Title:GluN2B/N-methyl-D-aspartate Receptor Antagonists: Advances in Design, Synthesis, and Pharmacological Evaluation Studies

VOLUME: 20 ISSUE: 9

Author(s):Vinod Ugale*, Ashish Dhote, Rushikesh Narwade, Saurabh Khadse, P. Narayana Reddy and Atul Shirkhedkar

Affiliation:Department of Pharmaceutical Chemistry, R. C. Patel Institute of Pharmaceutical Education and Research, Shirpur, Dist: Dhule (MS) 425405, Department of Pharmaceutical Chemistry, R. C. Patel Institute of Pharmaceutical Education and Research, Shirpur, Dist: Dhule (MS) 425405, Department of Pharmaceutical Chemistry, R. C. Patel Institute of Pharmaceutical Education and Research, Shirpur, Dist: Dhule (MS) 425405, Department of Pharmaceutical Chemistry, R. C. Patel Institute of Pharmaceutical Education and Research, Shirpur, Dist: Dhule (MS) 425405, Department of Chemistry, Gitam School of Technology, Gitam University, Hyderabad (T.S), Department of Pharmaceutical Chemistry, R. C. Patel Institute of Pharmaceutical Education and Research, Shirpur, Dist: Dhule (MS) 425405

Keywords:GluN2B/NMDAR, design, synthesis, pharmacological studies, antagonists, diseases.

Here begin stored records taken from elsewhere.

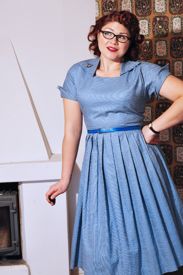Igår var 4års kalas för min söta lilla systerdotter. På kalas är det ju klänning som gäller så jag tog fram den här ljusblå festklänningen från 50-talet som jag använt alldeles för lite (knappt någonting faktiskt), lade håret och invigde mitt nya hårspänne med strass. Jag hann till och med smälla av några foton innan det var dags att blåsa iväg och äta tårta och leka med ballonger!
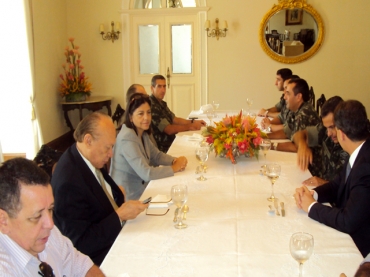 A governadora Roseana Sarney recebeu nesta segunda-feira (5), no Palácio dos Leões, o general da 10ª Região Militar de Fortaleza, Gomes de Matos, e o comandante do 24º Batalhão de Caçadores, Coronel Flávio Peregrino, além de outros oficiais. Ela agradeceu o apoio do Exército na garantia da segurança aos maranhenses durante o período de paralisação dos policiais militares e bombeiros.
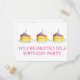 Perfecto para una fiesta de cumpleaños, este diseño de invitación de tarjeta postal presenta una fila de rebanadas de pastel de cumpleaños rosa y amarillo. Solo personalice con la información de su evento.
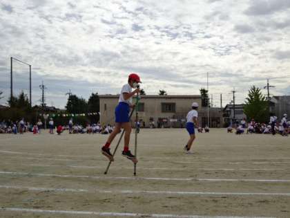 4年生に続いて5年生の部の様子です。アラカルトリレーでは,ドリブルや一輪車,竹馬等,9種目に分かれたバラエティーに富んだリレーでした。
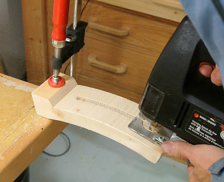 Il faut que la scie puisse sortir facilement sans avoir à défaire les serre-joints. Sinon, une fois tout collé, elle sera indémontable.
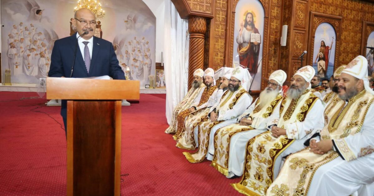 وقام المحافظ والقيادات المرافقة لسيادته بزيارة كنيسة مار جرجس بمدينة الصباح بحي فيصل لتقديم التهنئة للأنبا بموا، أسقف محافظة السويس وقيادات الكنيسة والأقباط الأرثوذكس بكنيسة مارجرجس، بمناسبة عيد القيامة المجيد.
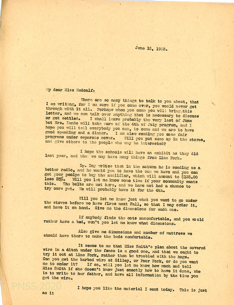 034-034b June 15, 1923. Three-page letter to Medcalf from [unsigned], [034] who is leaving at the last of June. Mentions preparations for the Fourth of July and the fair. Dr. Day is donating a radio; asks about what to order for “under the stoves before we have fires next Fall,” Cots, mattresses; barbed wire to keep out the hogs; [034a] donated material; linen closet supplies from Mrs. Rannels; $5 donation rom Miss Anna M. Johnston of Michigan for Line Fork bathroom; mentions Miss [Louise] Will, Corda, Miss Williamson, Miss Hopkins; asks if she received the equipment for the school cooking classes; Miss [Rita Rebecca] Roeder in Oberlin, OH, may visit; loaning “divided skirts…to ride across in.” [034b] Hopes Miss Smith will visit.
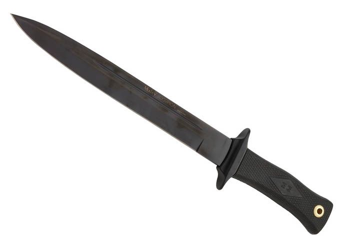Knife with gum handle and black zamakand friction resistant PTFE blade coating. Blade 260mm.

Abstract:Selective GluN2B/N-methyl-D-aspartate receptor (NMDAR) antagonists have exposed their clinical effectiveness in a cluster of neurodegenerative diseases, such as epilepsy, Alzheimer’s disease, Parkinson’s disease, pain, and depression. Hence, GluN2B/NMDARs are considered to be a prospective target for the management of neurodegenerative diseases. Here, we have discussed the current results and significance of subunit selective GluN2B/NMDAR antagonists to pave the way for the establishment of new, safe, and economical drug candidates in the near future. By using summarized data of selective GluN2B/NMDAR antagonists, medicinal chemists are certainly a step closer to the goal of improving the therapeutic and side effect profile of selective antagonists. Outlined summary of designing strategies, synthetic schemes, and pharmacological evaluation studies reinvigorate efforts to identify, modify, and synthesize novel GluN2B/NMDAR antagonists for treating neurodegenerative diseases.